Two ways of scraping job listings
Searching for the ideal job can be a difficult and tedious task, especially when there are many possibilities and great competition. One has to find a good balance between quantity and quality of applications, and the last thing we're looking for is spending time on an application that turns out to be not quite what we expected.
As such, it would be a great idea to develop a platform that helps us filter through the vast amount of open positions and takes us directly to the ones that better suit us. This project takes care of the first step: gathering data on job openings using scrapy.
To achieve this, we took two different approaches. A first one searches separately for each company, while the other one uses search engines. The scope of our results is restricted to Data Science related positions, although the scripts can easily be extended to include other areas.

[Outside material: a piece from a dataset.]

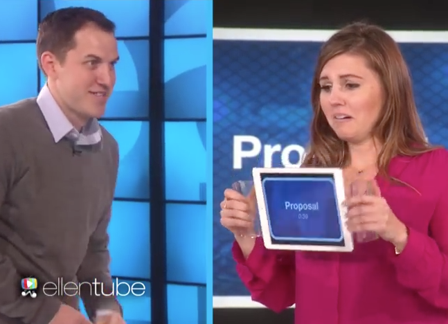 Ellen asks the couple to play a round of “Heads Up,” which is essentially a fancy way to play charades. The first few words are easy (1:55), but when the screen says “Proposal” Jessie is beyond excited– her reaction is immediate, to the point that Johnny didn’t even get to actually ask the words (2:15).

This approach consists of scraping the careers section from a few companies' website. Because each company has its own systems and web interfaces, it requires writing a script for each company separately. This translates into a high initial cost, as well as a high maintenance cost due to the likelihood a company is to change its web layouts, job listing structure or internal protocols. Also, there are only so many companies we can cover, so many more would be inaccessible using this approach. On the other hand, by scraping separately for each company, it is possible to absorb each one's listing style, yielding more structured and cleaner information.

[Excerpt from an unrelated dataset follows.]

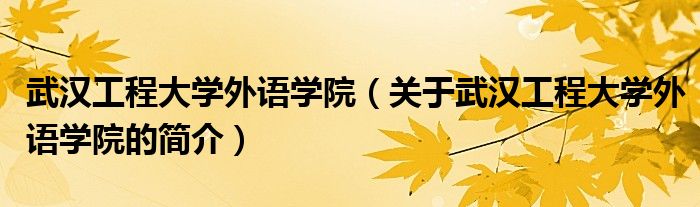 本文關于武漢工程大學外語學院的簡介就講解完畢,希望對大家有所幫助。

With the above considerations in mind, this approach only makes sense if applied to the largest employers in our area of interest, Data Science in this case. As a way to find large companies, and since this is a web scraping project after all, we decided to start by scraping the Fortune 500 list of companies. As one can inspect, that page contains a list of companies that increases as the user scrolls down, making it impossible to extract beyond the top 20 companies with scrapy. To circumvent this limitation, we listened to AJAX requests and were able to detect a very convenient one that returns not only the visible information (rank, company name and revenue) but in fact essentially all the information you'd be able to find on the Fortune 500 website on each company.

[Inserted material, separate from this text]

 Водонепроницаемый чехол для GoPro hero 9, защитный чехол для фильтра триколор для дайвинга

At this point we gathered a considerable amount of information on the top 500 companies worldwide in terms of revenue, so it's time to look for job listings. Our initial focus was on technological companies.
Starting with Apple, we find that the page changes dynamically so, as was done for the Fortune 500 list, we must listen for AJAX requests. These in turn yielded well structured information, so there was no need to parse HTML.
One of the peculiarities of this case was the use of POST requests, requiring a certain familiarity with scrapy's
The entire code for the spider can be found here.
Facebook, while among the companies we scraped being the least challenging technically, it offered a few other challenges of its own. For instance, each job listing can have more than one location. Also, including all the US locations in the query seems tedious, so we filtered them as we parsed.
The code for the spider can be found here.
Much like in the Fortune 500 list, Amazon's list expanded within the same page, this time with the user pressing a button. After listening for asynchronous requests, we found one that returns the list of positions, including all the details for each job listing. This means we could scrape all the listings with a single parser. However, the URL for the asynchronous request was exactly the same as for the HTML page, the only distinction being in the HTTP headers.
The entire spider code can be found here.
Due to time constraints, it was not possible to individually scrape more companies until the time of this publication.
In order to keep accumulating job listings over time, avoid scraping duplicates, and also as a way to safely interrupt long scraping tasks, we store the listing ids in a separate file and load them as the spider starts, checking for the presence of the id before scraping each job listing.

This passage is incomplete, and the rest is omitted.